-- Data listing follows --

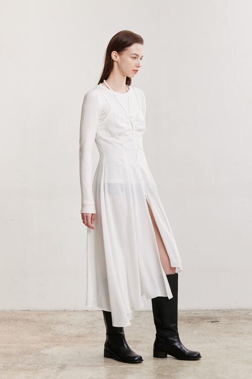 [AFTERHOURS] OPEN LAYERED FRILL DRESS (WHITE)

-- Data listing concluded --
-- Data listing follows --

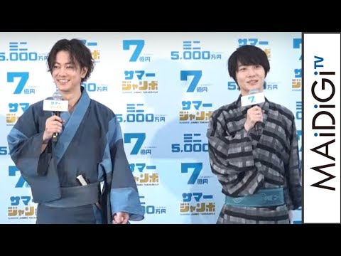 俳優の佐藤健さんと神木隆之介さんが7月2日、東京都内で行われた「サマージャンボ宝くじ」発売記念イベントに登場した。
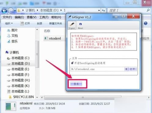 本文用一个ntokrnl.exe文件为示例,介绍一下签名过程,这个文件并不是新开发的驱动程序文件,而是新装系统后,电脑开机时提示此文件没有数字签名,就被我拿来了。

-- Data listing concluded --

- _Action item_: Above are records with pictures. Reproduce exactly only the lines from the line with "俳優の佐藤健さんと神木隆之介" through the line with "本文用一个ntokrnl.e", both ends included, and leave the pictures out.

- _Response_:
 俳優の佐藤健さんと神木隆之介さんが7月2日、東京都内で行われた「サマージャンボ宝くじ」発売記念イベントに登場した。
 本文用一个ntokrnl.exe文件为示例,介绍一下签名过程,这个文件并不是新开发的驱动程序文件,而是新装系统后,电脑开机时提示此文件没有数字签名,就被我拿来了。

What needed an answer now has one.